Can you explain what exactly you mean here? In general, you should be very careful with things like this. But maybe what you're trying to do is correct.
 
  • #3
Deveno
Science Advisor
906
6
well, here is an example:

if i set H = G/N, and set Hk to be the k-th entry in a normal series for H, then as i defined Gk to be φ^-1(Hk), proving G(k+1) normal in Gk got really messy. see, i want to show that gxg^-1 is in G(k+1) whenever g is in Gk, and x is in G(k+1). essentially i want to lift information about hyh^-1 (where φ(x) = y, φ(g) = h) back to G. it would be a lot simpler if i could just say hyh^-1 in H(k+1) implies gxg^-1 in G(k+1) without talking at the "element" level. that is it would be easier to argue using φ(g(G(k+1))g^-1) = h(H(k+1))h^-1 (φ(g(G(k+1))g^-1) = φ(g)φ(G(k+1))φ(g)^-1 in other words, regarding φ as a lattice homomorphism of some sort).
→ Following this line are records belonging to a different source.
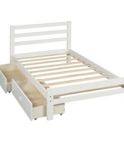 Get organized with the Twin size White Low Profile 2 Drawer Storage Platform Bed, The bed comes complete with two underside pull out drawers. Strong, solid wood make up the frame and legs to support your favorite memory foam, latex, or spring mattress (mattress not included), and the simple yet stylish panel design of the headboard and footboard add subtle refinement to any room decor. The modern clean, straight line silhouette makes it easy for this piece to fit into any room; drawers can fit on either side of the platform bed.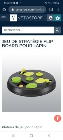 Merci, un jour j'ai essayé de mettre dans un boite en carton avec des gros trous du foin que mon lapin adore et lui, ce qu'il a fait, il a retourné le carton et il a mangé dedans comme dans une gamelle!!!😌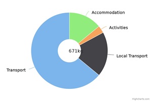 Op reis gaan betekent een onvermijdelijke CO2 voetafdruk. Ook deze reis naar IJsland ontkomt daar niet aan. Hoe groot is mijn voetafdruk? In onderstaand cirkeldiagram kun je zien welke voetafdruk jij achterlaat met je reis.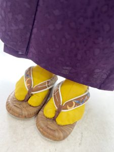 無地の着物は、ヒョウ柄🐆 帯は妖怪😈 ばけばけ! 草履は、クモの巣に🕷️コウモリ🦇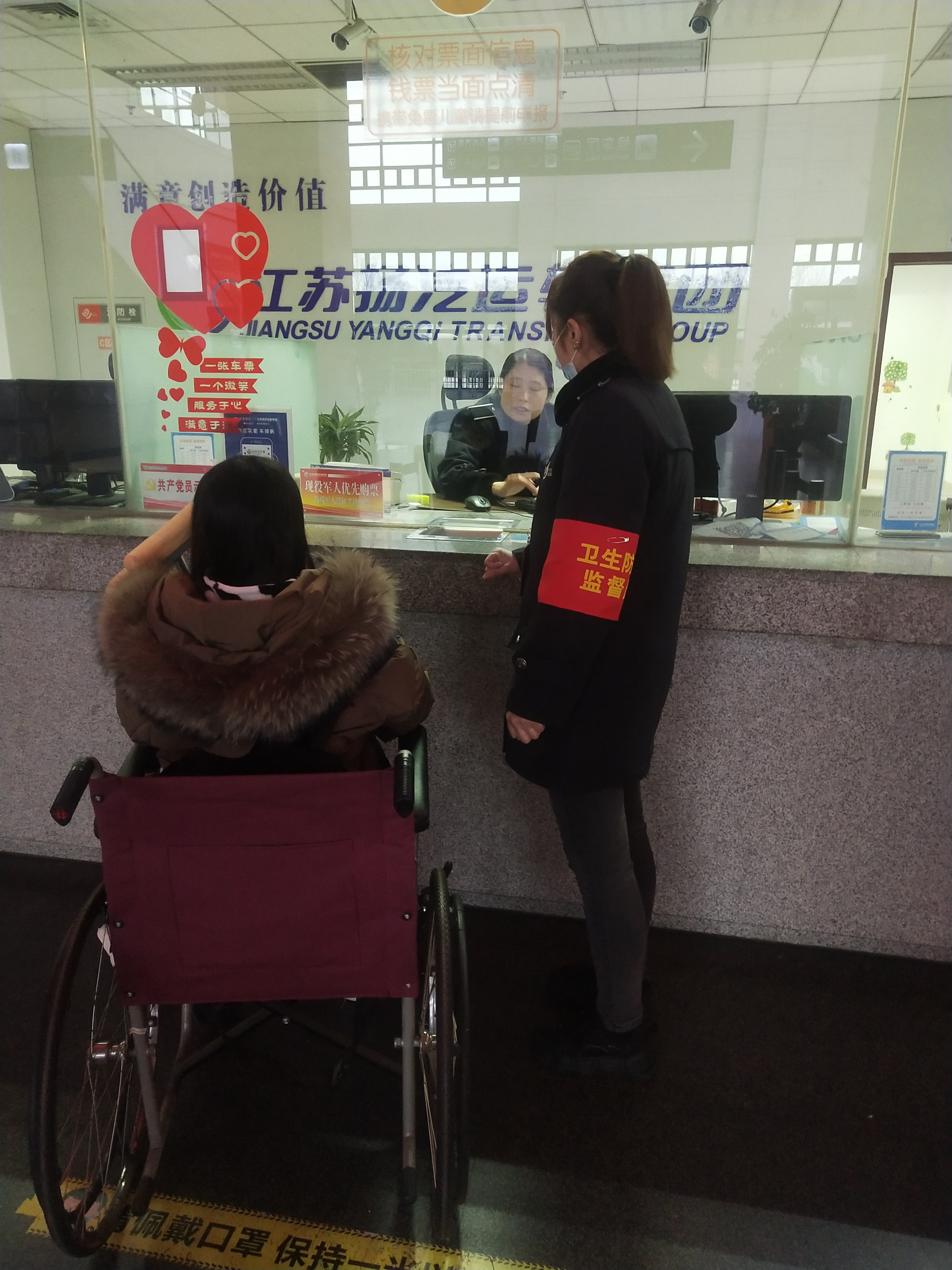 周俊云班長讓她稍等會,就幫她推來了車站里提供的輪椅,讓她坐在輪椅上面推她去售票窗口買票,還很熱心的一直送到重點旅客無障礙直升電梯里面,然后再送到二樓檢票口,直到幫助這位旅客上了車,臨走前還對旅客說一句一路順風(fēng)。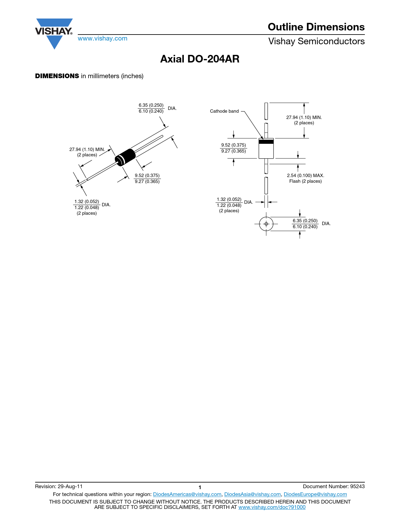 Outline Dimensions Axial DO-204AR DIMENSIONS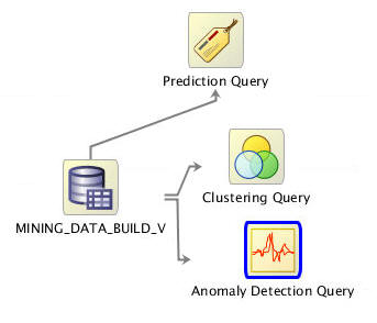 When defining an Anomaly Detection Query node, you specify similar attributes to an Anomaly Detection model, but when the query option is run, the Data Mining engine performs dynamic scoring of the anomaly detection query without having to pre-define a model.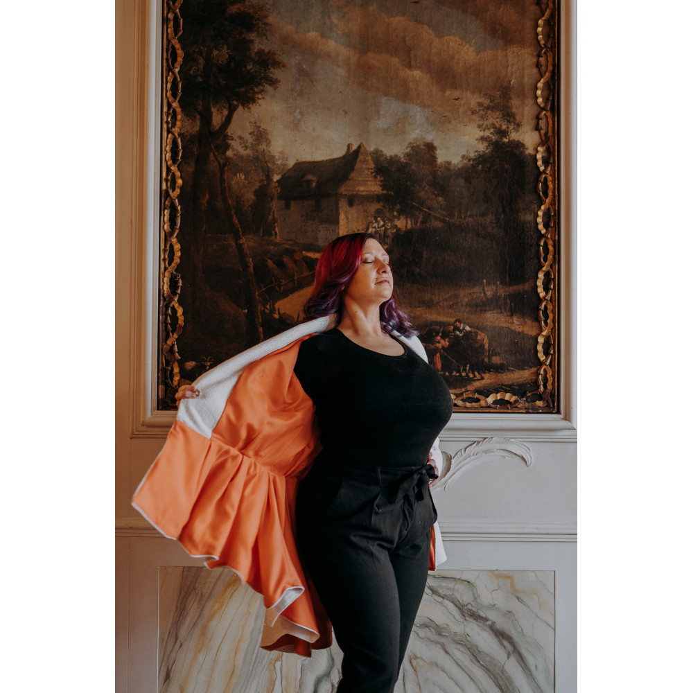 Made of shiny wool fabric and lined in a flaming orange colour with an intense red base, it cannot go unnoticed.

this especially got to be a pain showing the cosets G(k+1)(xy) and G(k+1)(yx) were equal, for x,y in Gk. this would be simpler if i could just say that
φ^-1(H(k+1)ab) = (φ^-1(H(k+1))(φ^-1(a)φ^-1(b))), rather than taking elements x,y in Gk to a = φ(x), b = φ(y) in Hk, and then showing ab is in H(k+1)(ba), and then going back to G to show that xy is in G(k+1)(yx), and then doing it again to show that yx is also in G(k+1)(xy).
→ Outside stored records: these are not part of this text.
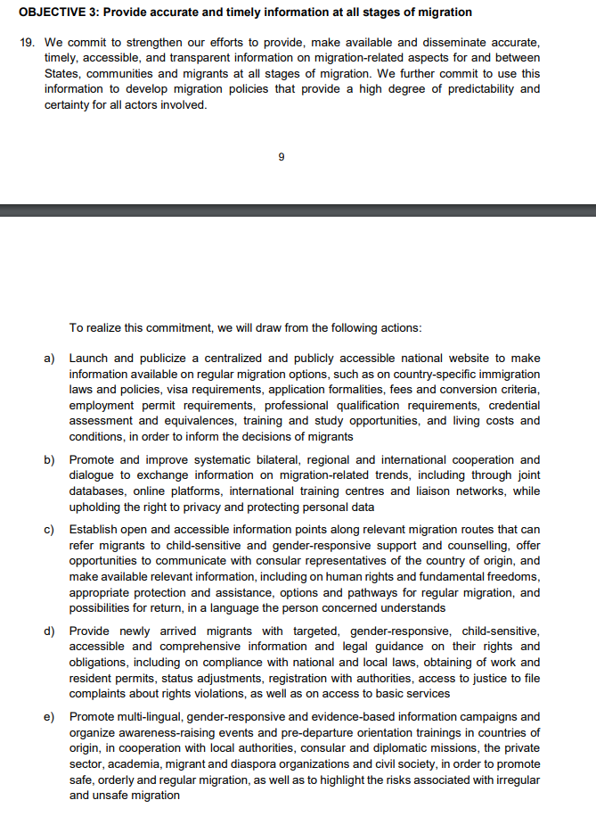 Informasjon til migranter omfattes av mål tre i FN-plattformen: «Skaffe til veie nøyaktig og rettidig informasjon på alle migrasjonsstadier».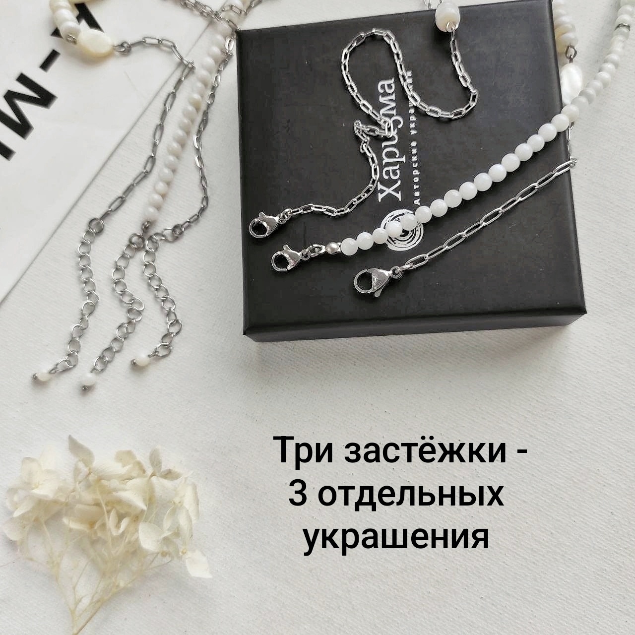 3 украшения: два чокера и цепочка. Можно носить вместе или раздельно.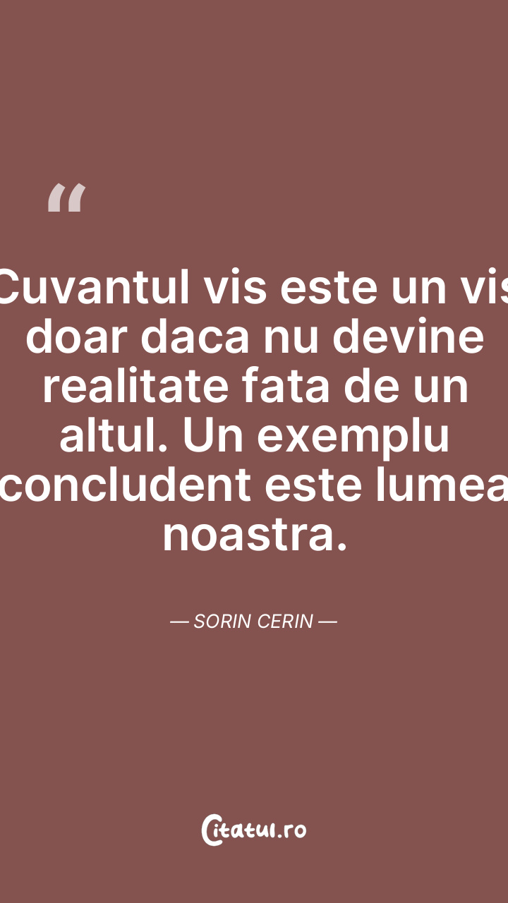 Cuvantul vis este un vis doar daca nu devine realitate fata de un altul. Un exemplu concludent este lumea noastra. Sorin Cerin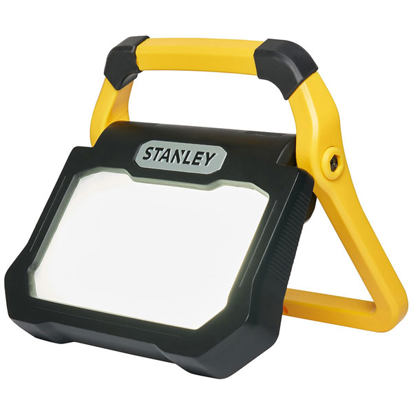 The STANLEY® Folding Worklight has a lightweight yet durable polycarbonate body. It offers 2 modes of operation, on/off. A diffuser ensures comfortable working illumination. It has an IP54 rating, indicating it is protected against dust and water splashes, making it suitable for use in various environments. Operates on mains power with a voltage range of 220-240V and a frequency of 50/60 Hz.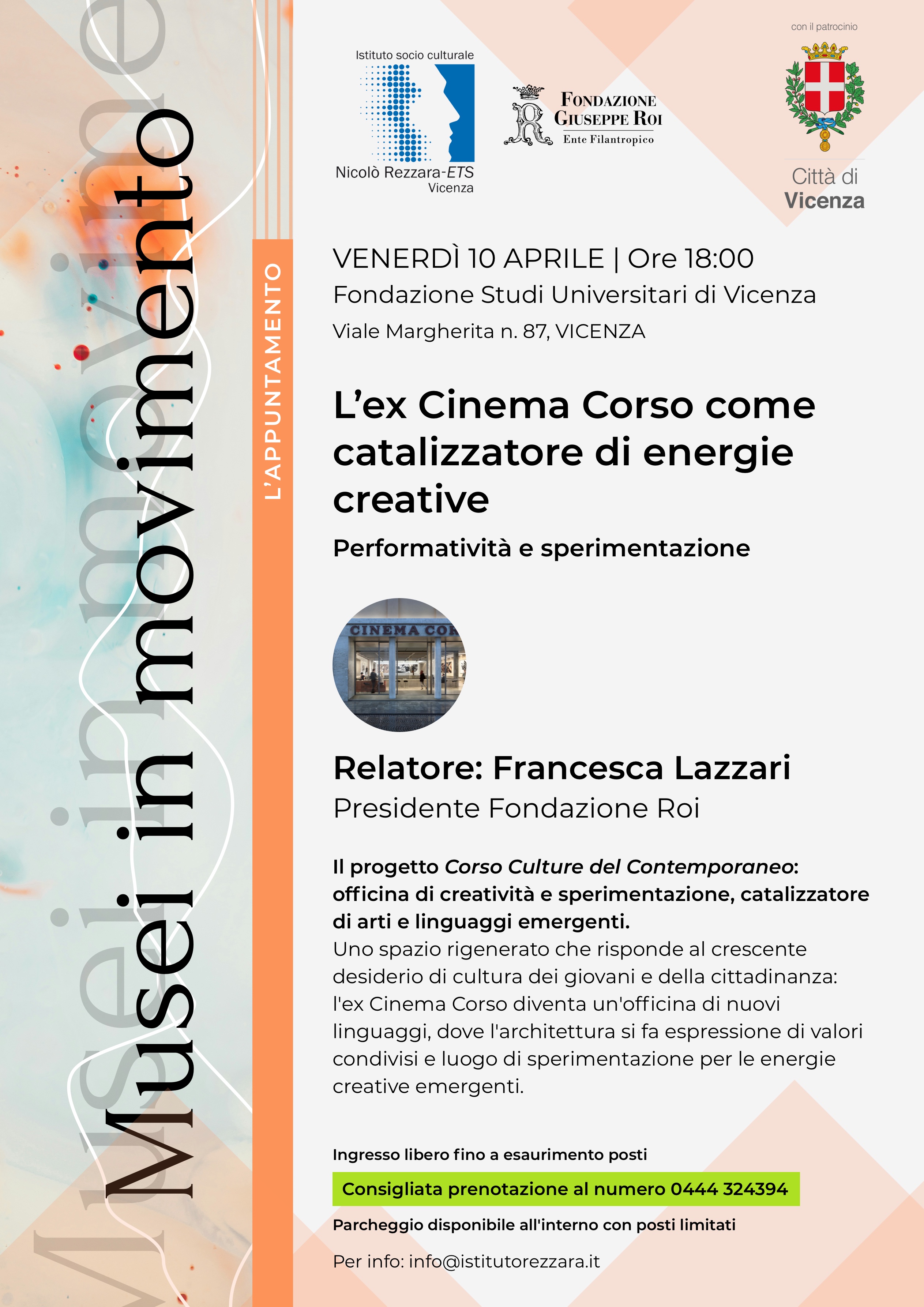 Venerdì 10 aprile Ore 18:00, Francesca Lazzari, Presidente Fondazione Roi, tratta il tema "L’ex Cinema Corso come catalizzatore di energie creative. Performatività e sperimentazione".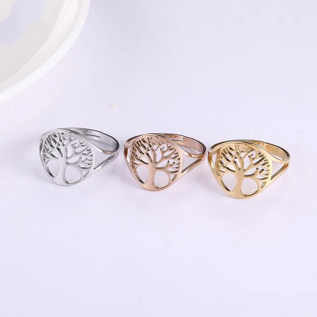 Product information: Product name: Tree of Life Ring Material: stainless steel 304 Size: Adjustable opening Weight: 1.38g Color: steel color, gold, rose gold Polishing: Hand-made mirror polishing, corners, holes, and dead corners are polished to be bright and round Electroplating: Vacuum plating 18K gold in the furnace, with bright colors and long-lasting color retention

see, i know that φ induces a bijection between subgroups of G containing N, and subgroups of G/N, but φ also preserves multiplication, and we can define multiplicative sets like KN, so to what extent, and under what restrictions on K and N can we say φ(KN) = φ(K)φ(N) and more importantly,
when φ^-1(AB) = φ^-1(A)φ^-1(B)?
 
  • #4
22,089
3,292
well, here is an example:

if i set H = G/N, and set Hk to be the k-th entry in a normal series for H, then as i defined Gk to be φ^-1(Hk), proving G(k+1) normal in Gk got really messy. see, i want to show that gxg^-1 is in G(k+1) whenever g is in Gk, and x is in G(k+1). essentially i want to lift information about hyh^-1 (where φ(x) = y, φ(g) = h) back to G. it would be a lot simpler if i could just say hyh^-1 in H(k+1) implies gxg^-1 in G(k+1) without talking at the "element" level. that is it would be easier to argue using φ(g(G(k+1))g^-1) = h(H(k+1))h^-1 (φ(g(G(k+1))g^-1) = φ(g)φ(G(k+1))φ(g)^-1 in other words, regarding φ as a lattice homomorphism of some sort).
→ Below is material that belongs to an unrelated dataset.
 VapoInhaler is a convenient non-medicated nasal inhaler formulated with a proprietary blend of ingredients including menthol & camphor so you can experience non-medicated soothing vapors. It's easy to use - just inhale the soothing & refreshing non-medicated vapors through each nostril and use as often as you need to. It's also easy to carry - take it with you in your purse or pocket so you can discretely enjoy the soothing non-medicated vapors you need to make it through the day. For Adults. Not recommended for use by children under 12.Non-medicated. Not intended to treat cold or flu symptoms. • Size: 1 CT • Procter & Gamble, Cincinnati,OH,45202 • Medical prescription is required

this especially got to be a pain showing the cosets G(k+1)(xy) and G(k+1)(yx) were equal, for x,y in Gk. this would be simpler if i could just say that
φ^-1(H(k+1)ab) = (φ^-1(H(k+1))(φ^-1(a)φ^-1(b))), rather than taking elements x,y in Gk to a = φ(x), b = φ(y) in Hk, and then showing ab is in H(k+1)(ba), and then going back to G to show that xy is in G(k+1)(yx), and then doing it again to show that yx is also in G(k+1)(xy).
I see what you want to do. But doing things on the element-level is always safe and is less prone to mistakes. I would not suggest working with sets, because it's easier to prove stuff that isn't true. Also, anything you want to do with sets, has to be justified anyway on element level. So you'll need to prove it anyway...

see, i know that φ induces a bijection between subgroups of G containing N, and subgroups of G/N, but φ also preserves multiplication, and we can define multiplicative sets like KN, so to what extent, and under what restrictions on K and N can we say φ(KN) = φ(K)φ(N) and more importantly,
when φ^-1(AB) = φ^-1(A)φ^-1(B)?
To my knowledge, this is always true for normal subgroups. The reason is that KN is the "join" of K and N, and phi is a lattice isomorphism. Thus the equality (both of them) always hold. You could also prove this directly...
 
  • #5
Deveno
Science Advisor
906
6
well, what if N is a normal subgroup, but K is just a set (which is the case in the matter at hand)? the main motivation is cosets of N.
 
  • #6
lavinia
Science Advisor
Gold Member
3,237
624
I was asked recently to prove that if N is normal in G:

G solvable iff G/N and N solvable.

now, I was able to do so, but I wasn't very happy with my proof.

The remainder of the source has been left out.